Justin Moresco, Contributor
December 17, 2009 | 0 Comments
The photovoltaic industry was hit hard this year, contracting in size as the economic crisis took hold, credit markets tightened and the once-hot Spanish market slowed to a crawl. But speakers at a recent thin-film summit in San Francisco were largely optimistic, with many saying that as the solar market rebounds thin-film technologies are poised to successfully compete against conventional, crystalline silicon-based modules and other sources of electricity.

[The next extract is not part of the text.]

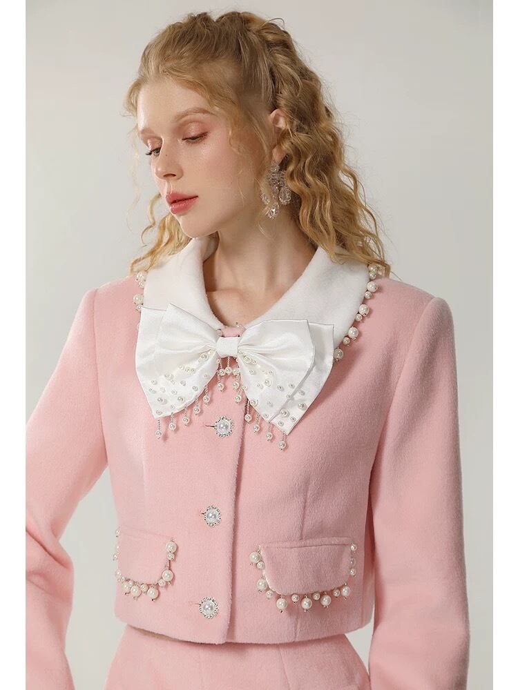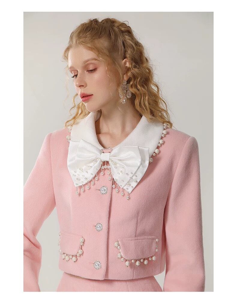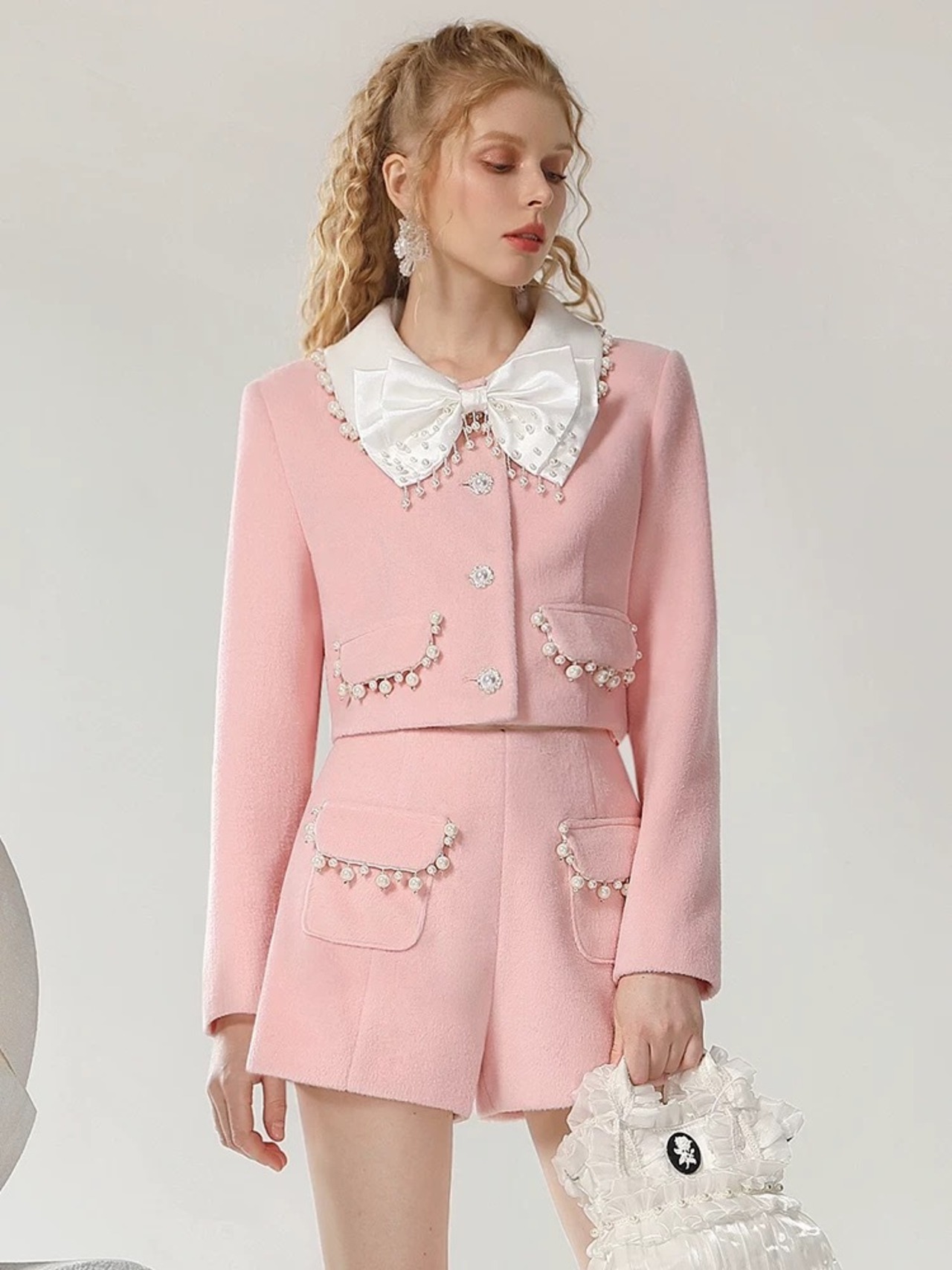 【セットアップ】ピンク スーツ リボン ジャケット パール ショートパンツ

To grab more market share, however, the resonating theme from the conference was cost reduction.
“The bottom line is cost,” said Harin Ullal, a project manager focused on PV for the National Renewable Energy Laboratory (NREL). “Installers want the lowest cost systems, so everyone is trying to squeeze out every cent possible.” Ullal, who has compiled a list of 60 U.S.-based thin-film companies, said during the summit that most industry players aim to reduce costs through a combination of increased scale, module efficiency gains, higher yield and less (or cheaper) materials.

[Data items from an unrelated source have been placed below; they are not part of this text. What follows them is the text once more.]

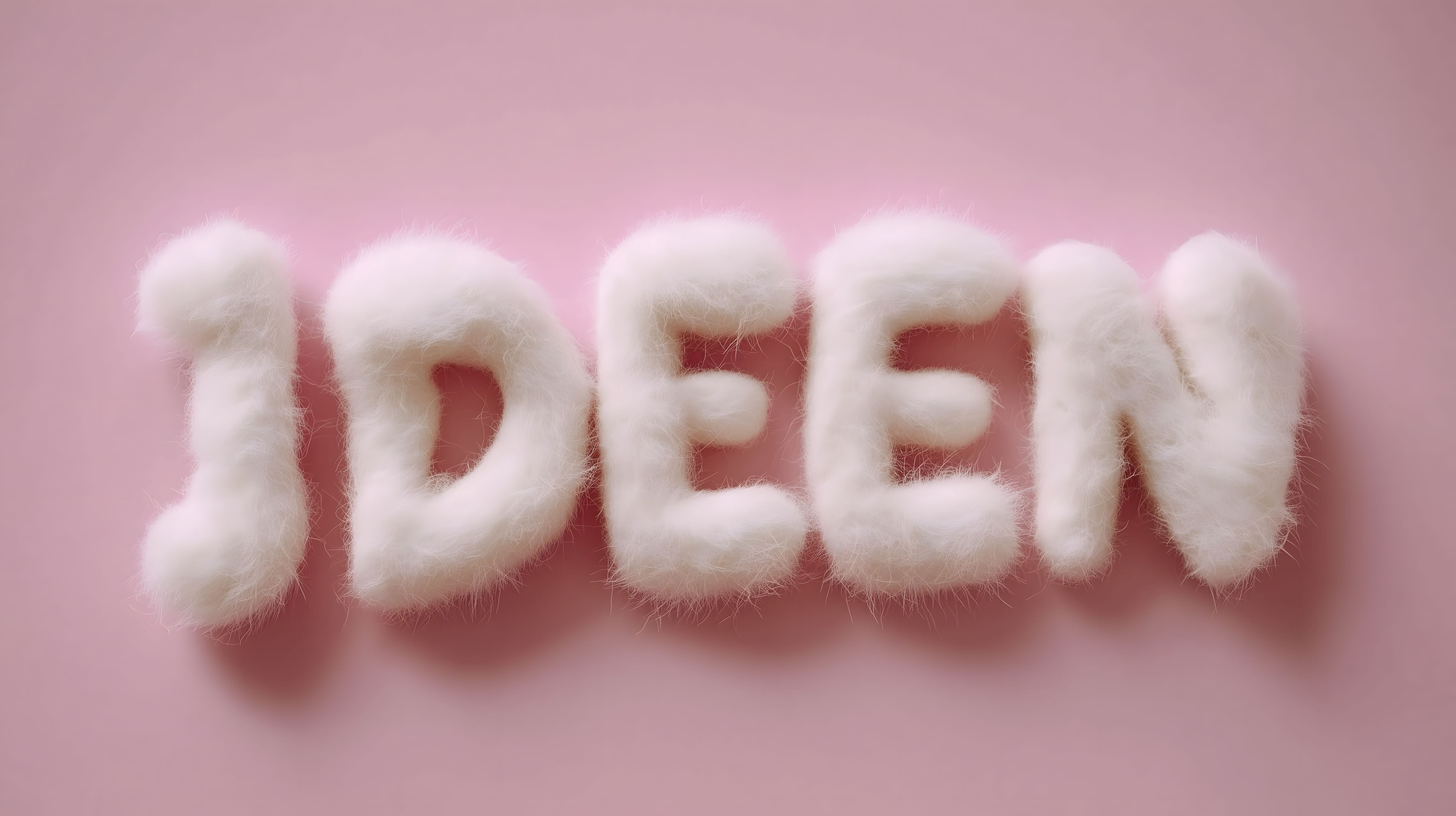 Das Bild zeigt einen rosa Hintergrund, auf dem sechs weiße, flauschige Buchstaben angeordnet sind, die das Wort 'IDEEN' ergeben. Die Buchstaben haben eine weiche, pelzige Textur, die einen einladenden und kreativen Eindruck vermittelt. Dieses Motiv eignet sich hervorragend als Gestaltungselement für Textdesigns, Grafikprojekte oder Werbemittel wie Poster, Social-Media-Posts oder Newsletter. Das hochauflösende Stockfoto ist kostenfrei unter einer Creative-Commons-Lizenz verfügbar und kann frei genutzt werden.
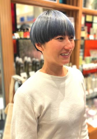 ダブルプロセスでカラーリング。「ブルー × グレー」。フリーハンドで、ザクザク CUT!
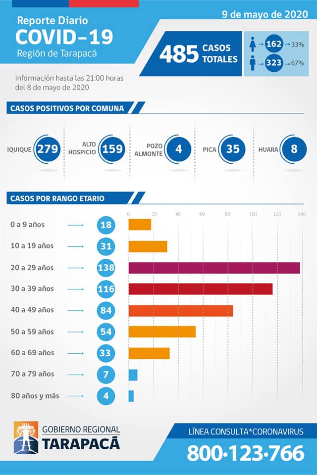 El Intendente de Tarapacá, Miguel Ángel Quezada, confirmó en el informe después de las 13 horas, 26 nuevos casos entre las comunas de Iquique, Alto Hospicio y Pica, llegando en total regional a 485 contagiados, con un deceso.
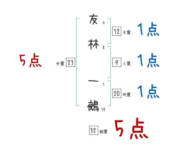 総運![]() | 友林一鵺さんの総運は32画の5つ星!柔軟性があり成功する。チャンスが多く金運が良い。 あなたの人生を表す1番重要な運勢です。生涯を通じて影響する総合運となり、主に50歳以降の晩年期に影響を及ぼします。 |
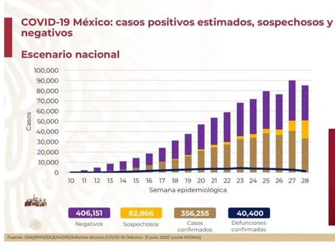José Luis Alomía, encargado de Epidemiología, reportó este martes 21 de julio, 40 mil 400 muertes por coronavirus en el país, teniendo un ascenso de 915 fallecimientos registrados en las últimas 24 horas.
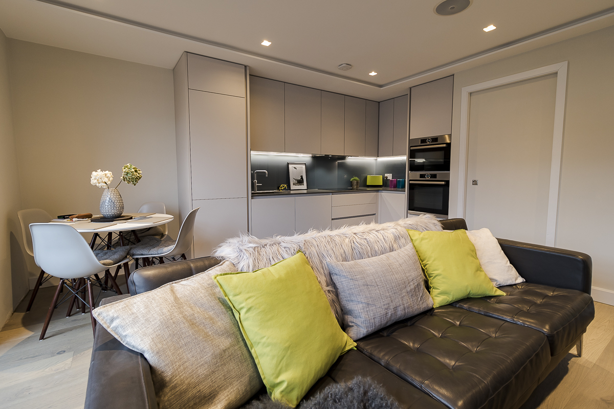 Seamlessly built-in appliances, including a double oven and integrated fridge, ensure maximum performance within a compact layout. The open-plan design connects the kitchen effortlessly to the living and dining area, making it a highly functional yet stylish hub for city living.

One such company is CIGS module developer XsunX. Vice President of Engineering Robert Wendt said during a panel that the startup is trying to reduce costs mainly through efficiency gains. “If we go from 10-11 percent to 15-16 percent, then the price of all your commodity materials goes down by that amount,” Wendt said.
The Aliso Viejo, Calif.-based company is developing a hybrid manufacturing process for CIGS modules that would combine magnetic media technology from the hard disc drive industry with small-area, thin-film deposition processes. The latter, as opposed to large area processes, have achieved higher lab efficiencies, and XsunX hopes it can do the same on a commercial scale.
Meanwhile, Santa Clara, Calif-based Applied Materials, which makes manufacturing equipment for amorphous-silicon thin-film modules, is taking a multi-pronged approach to reducing costs. Applied’s Christopher Beitel said during a panel that the company believes the biggest savings will come from scaling factory output. Manufacturing lines larger than about 300 megawatts (MW) would lead to savings in reduced capital equipment, labor and materials costs of about US $0.15 per watt produced, Beitel said (To put that in perspective, Lux Research senior analyst Ted Sullivan said Applied’s manufacturing lines typically produce thin-film modules for about $1.30-$1.50 per watt).
Besides scale, Applied is looking to reduce costs with cheaper materials and efficiency improvements, Beitel said. Every $10 per square meter reduction in material costs like glass or wiring and every 0.5 percent efficiency gain would result in overall panel savings of about US $0.06 per watt. While every 1 percent improvement in yield, or the amount of salable product produced per day, would save about $0.02 per watt.
Solar panel makers have always sought to reduce their prices in the hope of attracting more customers, but thin-film companies are under particular pressure to succeed at this today. That’s because the leading thin-film player, Tempe, Ariz.-based First Solar, is now producing panels at less than $1 per watt while conventional silicon-based modules costs have plunged because of a large capacity oversupply.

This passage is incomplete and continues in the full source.